Friday, July 10, 2015

Reducing Wrongful Convictions: Better Public Defense


The Bill of Rights guarantees you a right to a lawyer when you're on trial, even if you can't afford one. Unfortunately, the lawyers provided by the state are often less than effective. Most public defenders have more work than they canhandle, and are underpaid on top of it. I'm sure many do a fine job even so, but you can't reasonably expect first-class work in those circumstances. The public defender system should be improved, with more pay, more attorneys, and reduced workloads.

Worried about cost? Most states already provide specialized appeal attorneys to death row inmates, and those attorneys often find errors in the original defense lawyer's work. The state ends up with a worst-case scenario: all the cost of a death penalty trial, and no execution (assuming the execution itself to be of value, which we've shown it's not).

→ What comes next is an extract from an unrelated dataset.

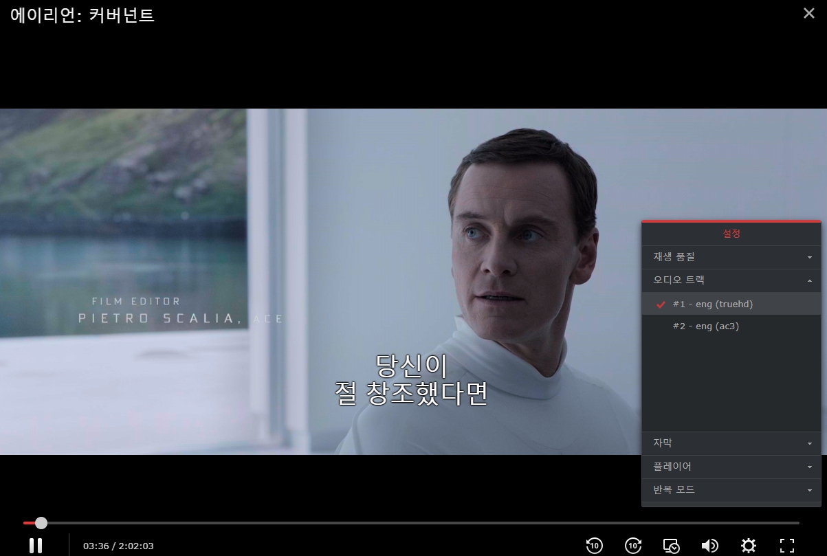 하지만 위 영화파일에는 오디오 코덱이 3개가 존재합니다. AAC, TRUEHD, AC3. 오디오트랙을 TRUEHD로 변경해보니 역시나 재생이 되지 않았습니다.

Why not save all those man-years of prison resources, not to mention possible lawsuits for false imprisonment, not to mention the moral cost of stealing years of someone's life? States should provide better defense attorneys during the trial phase! Yes, it will cost more on the front end, but we get a better, more trustworthy system of justice out of it.

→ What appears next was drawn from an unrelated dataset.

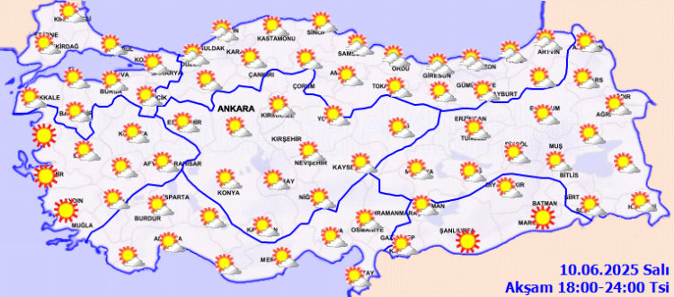 ANKARA (İGFA) - Meteoroloji Genel Müdürlüğü 10 Haziran Salı gününe ilişkin hava tahmin raporunu yayımladı.

Also, we need to update the requirements for being provided with a public defender. Even the very poor are in many cases still considered to be able to afford their own defense lawyer. That's both absurd and unamerican. Nobody should have to throw their lives and livelihoods away just to prove their own innocence!

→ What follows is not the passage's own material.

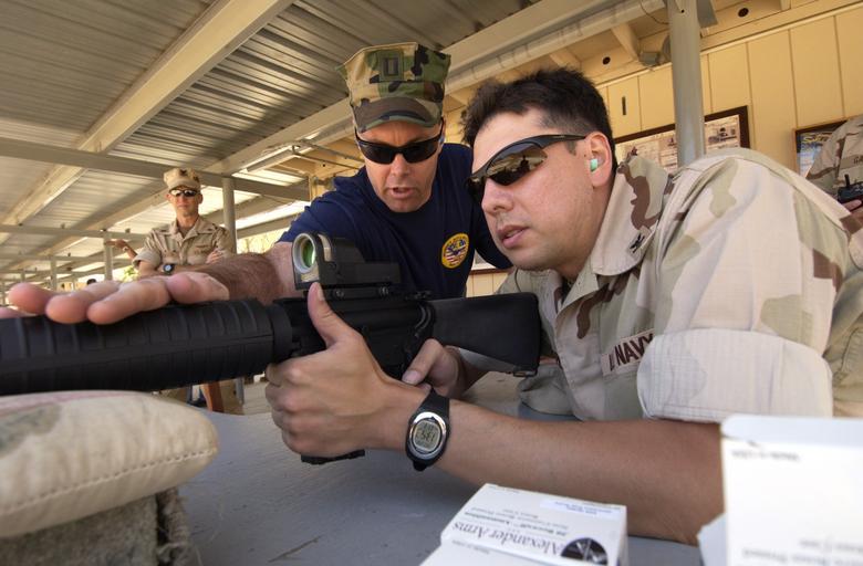 | Keywords: US Navy 040628-N-4142G-001 Lt. Mark Kaes gives Photographer's Mate 2nd Class Brandon Teeples, assigned to Fleet Combat Camera Group Pacific, tips on different shooting techniques.jpg en San Diego Calif June 28 2004 - Lt Mark Kaes gives Photographer's Mate 2nd Class Brandon Teeples assigned to Fleet Combat Camera Group Pacific tips on different shooting techniques with an Alexander Arms 50 caliber Beauwolf assault rifle at the local Rod Gun Club in San Diego Calif Petty Officer Teeples and Mobile Security Squadron Three MSS-3 are testing the armor piercing quality of the rifle for stopping power on military vehicle engine blocks U S Navy photo by Photographer's Mate 1st Class Felix Garza Jr RELEASED 2004-06-28 040628-N-4142G-001 Navy http //www navy mil/view_image asp id 15683 U S Navy photo by Photographer's Mate 1st Class Felix Garza Jr PD-USGov-Military-Navy Naval Base San Diego in the 2000s United States Navy Mobile Security Squadron 3 AR-15 Photographers Mate Photographs by Felix Garza Jr |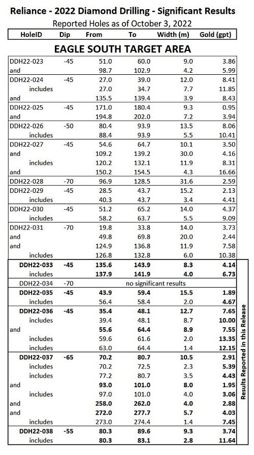 Assay results reported herein include nine (9) significant gold intersections from five (5) additional diamond drill holes completed in the Eagle Area. The prime objectives of the 2022 diamond drilling program are to extend the strike of the mineralized system and to test the extent of mineralized feeder structures below the shallow-dipping, near-surface Eagle Zone. Highlights of the drilling results include:

Per the above Mother Jones article, we would need 6,900 more public defenders to get the current workload down to acceptable levels. Say we added 20,000 instead, to account for the additional cases that will be covered by allowing more people to be covered. Median salary for a public defender is around $50,000. So we're talking about spending a billion dollars a year, divided among all the states and the federal government. That's not trivial, but it's doable! For comparison, we spent that during the invasion and occupation of Iraq every eighteen hours.

If you don't have functional courts, you may as well stop pretending to be civilization. We have to stop trying to do justice on the cheap.